Nous sommes à Fremont, en Californie, près de San Francisco en 2008, à l’époque où naissaient Facebook et les réseaux sociaux.
Christopher a treize ans. Ses amis l’ont surnommé Wang-Wang ; sa mère qui l’élève seule avec sa grand-mère l’appelle plus affectueusement Dìdi. Sa sœur aînée, avec laquelle il ne cesse de se chamailler, s’apprête à faire son entrée à l’université. Son père, absent, travaille au loin à Taïwan.

Nous vient des Etats-Unis, auréolé du prix du public du festival de Sundance 2024, ce premier film, qu’on imagine volontiers en tout ou en partie autobiographique, signé par un jeune réalisateur taïwano-américain né en 1994 à Fremont.

Dìdi peut se lire à trois niveaux.

C’est d’abord un film sur la pré-adolescence, la sortie de l’enfance. On a beau en avoir vu des dizaines, depuis Les Quatre Cents Coups et La Boum, on se laisse toujours prendre à leur charme.
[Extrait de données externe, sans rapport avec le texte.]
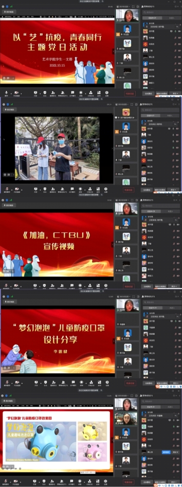 在学校遭遇新冠肺炎疫情“大考”,疫情防控形势严峻复杂之际,为凝心聚力,号召支部党员,敢担当,做表率,齐心战疫,10月15日下午15时,永乐高60net员工第一党支部通过企业微信视频会议形式举办“以‘艺’抗疫,青春力行”主题党日活动,支部全体党员参加活动,刘宇萱担任主持人。

Leurs héros y vivent avec une intensité folle leurs premières fois : premier élan amoureux, premiers interdits transgressés, premières tentatives souvent maladroites de passer pour plus grand qu’on n’est auprès de ses aînés (une phrase dont Lacan ferait son miel)… Qui a eu un jour quatorze ans et a fumé sa première cigarette en cachette de ses parents ou a embrassé un Stéphane ou une Stéphanie pendant un cours d’EPS ne pourra qu’être ému.e par la « nervosité » de Dìdi à côté de la si jolie Viviane.

C’est ensuite un film sur le choc des cultures. C’est d’ailleurs ce qui en fait a priori le sel et l’intérêt. Dìdi n’est pas seulement l’histoire mille fois racontée d’un pré-ado dans une banlieue américaine anomique mais celle d’un pré-ado sino-américain qui doit jongler entre deux cultures. Ce genre de films-là, qui raconte l’histoire d’une intégration pas toujours facile d’une minorité dans une terre d’immigration, n’est pas nouveau non plus, en France (Dans la cuisine des Nguyen, Tout simplement noir…) ou aux Etats-Unis (la série Fresh Off the Boat qui raconte la vie d’une famille taïwanaise en Floride). Il est aussi politiquement correct en diable.

Mais Dìdi comporte un troisième niveau de lecture. C’est l’histoire d’une relation mère-fils et frère-sœur profondément émouvante. Le jeune Christopher mène la vie dure à sa mère et à sa sœur. Mais on sent bien que l’animosité qu’il manifeste à leur égard est la manière maladroite pour lui de leur exprimer son amour. On me dira que cette relation a déjà, elle aussi, été filmée, qu’elle est aussi très bisounours. Ce n’est pas faux. Mais Dìdi le fait avec une justesse qui m’a infiniment ému.